| 研究概要 |
黒麹菌Aspergillus awamori var.Kawachiが分泌するグルコアミラーゼ(GAI)のO-型糖鎖は主に1〜3残基のマンノースからなり酵素活性や酵素の安定化に関与する。本研究はタンパク質分泌能の優れた麹菌を宿主として、O-型糖鎖を改変した糖タンパク質の大量発現と糖鎖改変タンパク質の機能解析を目的とする。本年度は、(I)マンノース2糖に3つめのマンノースを付加する出芽酵母のα-1,2-mannosyltransferaseをコードするKRE2遺伝子を導入した麹菌の育種と、(II)O-型糖鎖合成系を改変するためSer/Thr残基に最初のマンノースを付加するprotein mannosyltransferaseをコードする麹菌pmt遺伝子のクローニングを行った。

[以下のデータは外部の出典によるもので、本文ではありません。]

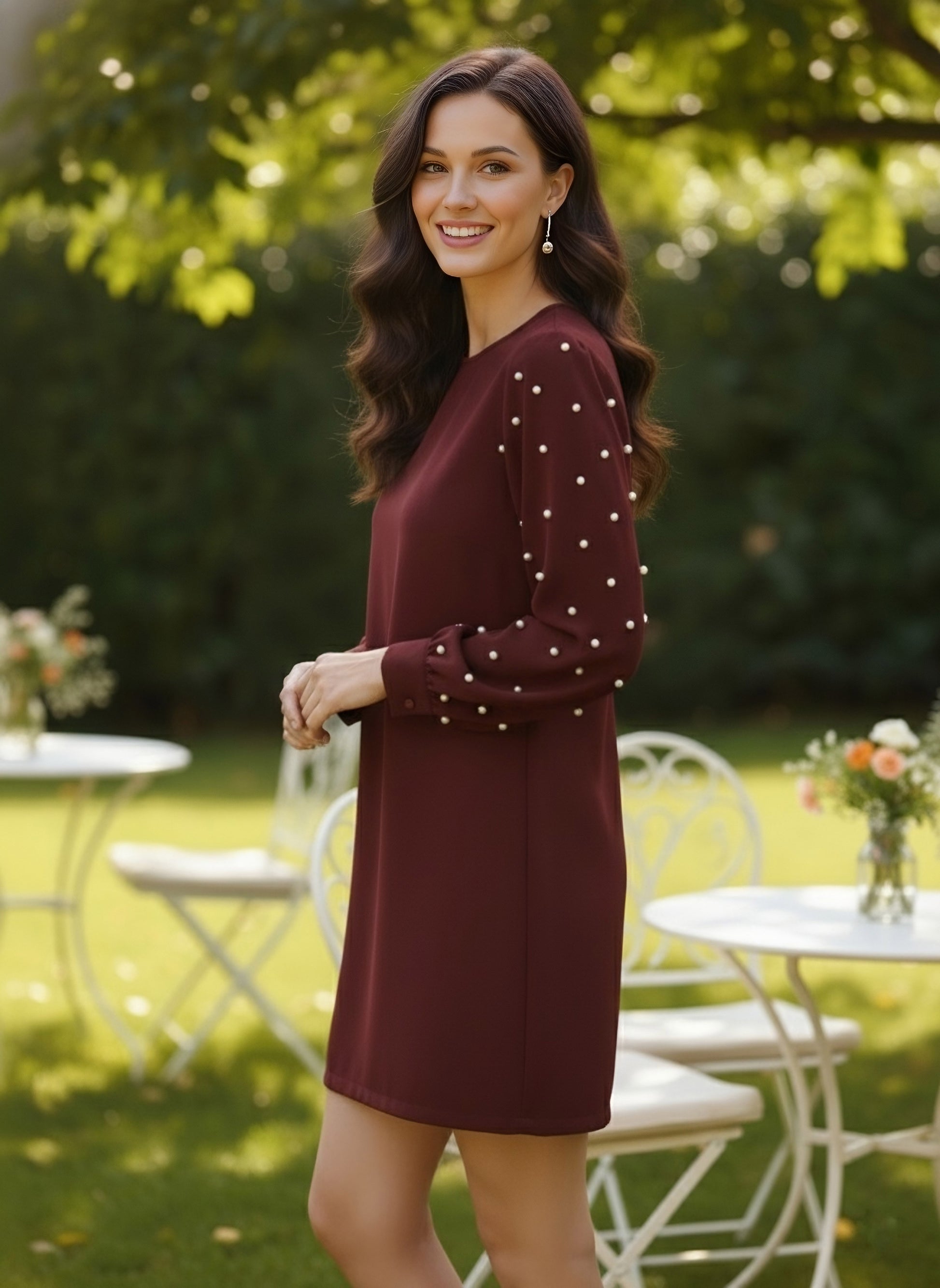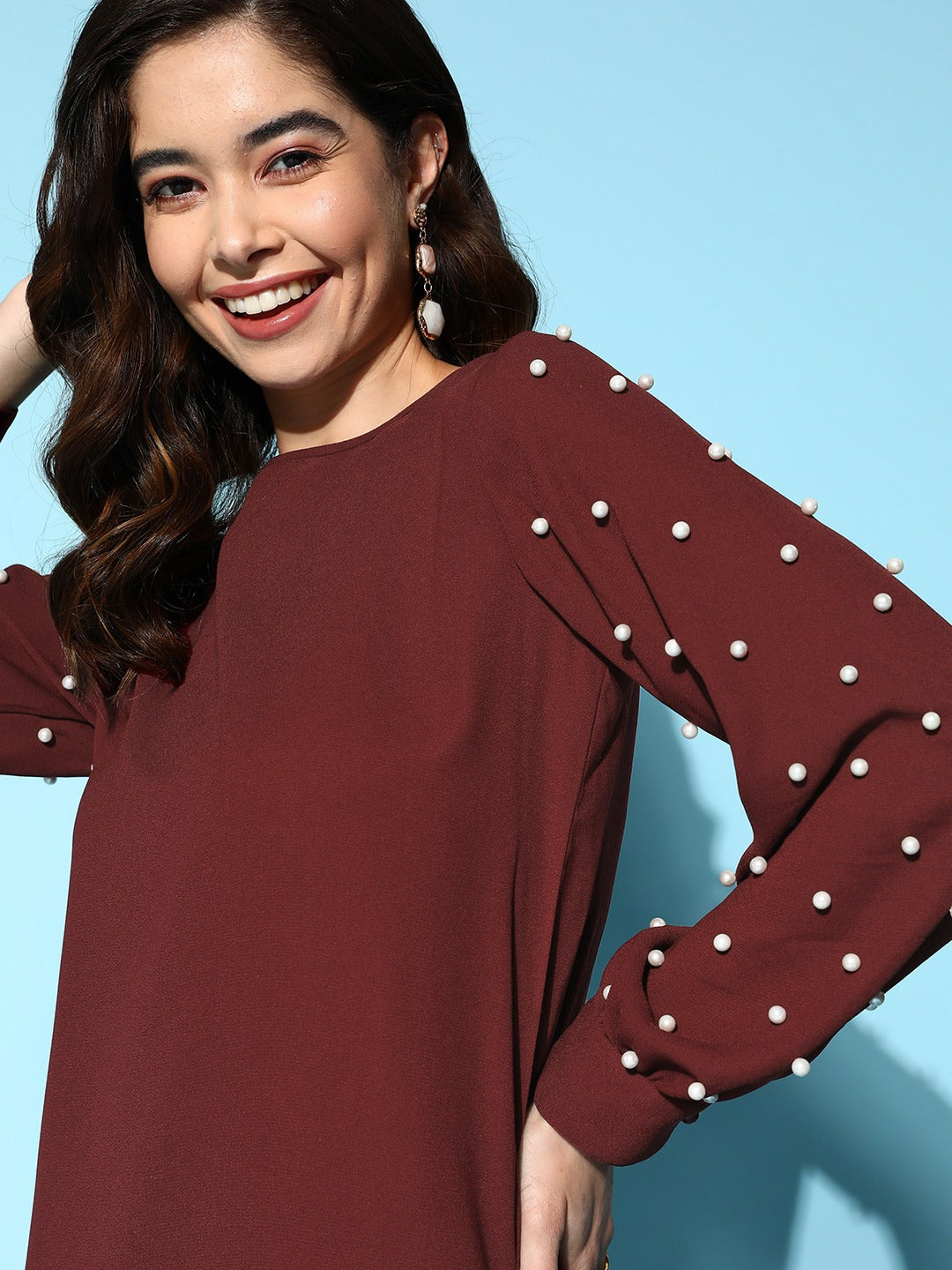 Take centre stage this party season with your unique yet voguish style by donning this mesmerizing Solid Maroon Round Neck A-Line Mini Dress designed by Berrylush. Decorated with pearl embellished surface styling that lends this dress a sparkly and luxurious appearance. Punctuated from the finest polyester material that offers this dress low maintenance with the sweat-wicking property. Also, the straight hemline gives this dress a contouring silhouette with a comfy feel to show off your natural curves. Be under the limelight as your enter the party venue with your glamorous look by partnering this dress with a pair of high-heels, minimalistic silver jewellery, and your favourite sling bag.

(I)A.nidulans由来のgpdAプロモーター下流に酵母KRE2遺伝子のcDNAを挿入したベクターを構築し、黒麹菌に導入した。その結果、1つの形質転換体を取得し、染色体に多コピーKRE2遺伝子が組込まれていることを確認した。しかし、形質転換体においてKRE2遺伝子の高発現は認められず、GAIの分子量の増加も認められなかった。現在、新たなベクターを用いて多数の形質転換体を取得したので、糖鎖付加能の変化を確認している。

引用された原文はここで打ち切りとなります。